Question

How do you solve $ \sin \theta = 0.8\, $ for \[90 < \theta < 180\]?

Answer 1

Hint: In order to determine the solution of the above trigonometric equation, take inverse of sine on both sides. Since the values 0.8 is not a remarkable value for the sine function. Take use of the calculator to find the value of $ {\sin ^{ - 1}}\left( {0.8\,} \right) $ . Using the rule of allied angle the required solution in the second quadrant is $ \theta = \pi - {\sin ^{ - 1}}\left( {0.8\,} \right) $ . Simplify to obtain the required solution.
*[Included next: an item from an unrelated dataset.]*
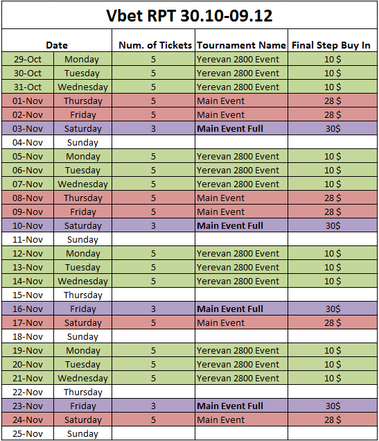 Всем доброе утро! Последняя неделя онлайн сателлитов, в течении которой мы разыграем еще как минимум 28 билетов (включая 3 Пакета на Главное Событие). Всего уже разыграно более 80!!! билетов. А у нас стартуют 3 дня сателлитов на RPT Yerevan 2800 Event.

Complete step by step solution:
We are given a trigonometric equation $ \sin \theta = 0.8\, $ and we have to find its solution in the interval \[90 < \theta < 180\]
 $ \sin \theta = 0.8\, $
Taking inverse of sine on both the sides of the equation, we get
 $ {\sin ^{ - 1}}\left( {\sin \theta } \right) = {\sin ^{ - 1}}\left( {0.8\,} \right) $
Since $ {\sin ^{ - 1}}\left( {\sin x} \right) = 1 $ as they both are inverse of each other, we get
 $ \theta = {\sin ^{ - 1}}\left( {0.8\,} \right) $
The value of $ \theta $ is an angle whose sine value is equal to 0.8. As we can clearly see 0.8 is not a remarkable value for the sine function. So calculate the value of $ {\sin ^{ - 1}}\left( {0.8\,} \right) $ with the help of a calculator. We get $ {\sin ^{ - 1}}\left( {0.8\,} \right) = {53.13^ \circ } $ .
But according to the question, $ \theta $ is given for \[90 < \theta < 180\]. Sine function is positive in the 1st and 2nd quadrant. Using allied angle property for the angle in the second quadrant $ \sin x = \sin \left( {\pi - x} \right) $ , we have
 $
  \theta = \pi - {\sin ^{ - 1}}\left( {0.8\,} \right) \\
  \theta = \pi - {53.13^ \circ } \;
  $
The degree equivalent of $ \pi $ radian is equal to $ {180^ \circ } $
 $
  \theta = 18{0^ \circ } - {53.13^ \circ } \\
  \theta = 126.8{7^ \circ } \;
  $
Therefore, the solution of the given trigonometric equation is $ \theta = 126.8{7^ \circ } $ , for \[90 < \theta < 180\].
So, the correct answer is “ $ \theta = 126.8{7^ \circ } $ , for \[90 < \theta < 180\].”.

Note: 1.Period of sine function is $ 2\pi $
2. The domain of sine function is in the interval $ \left[ { - \dfrac{\pi }{2},\dfrac{\pi }{2}} \right] $ and the range is in the interval $ \left[ { - 1,1} \right] $ .
3.Sine function is negative in 3rd and 4th quadrants.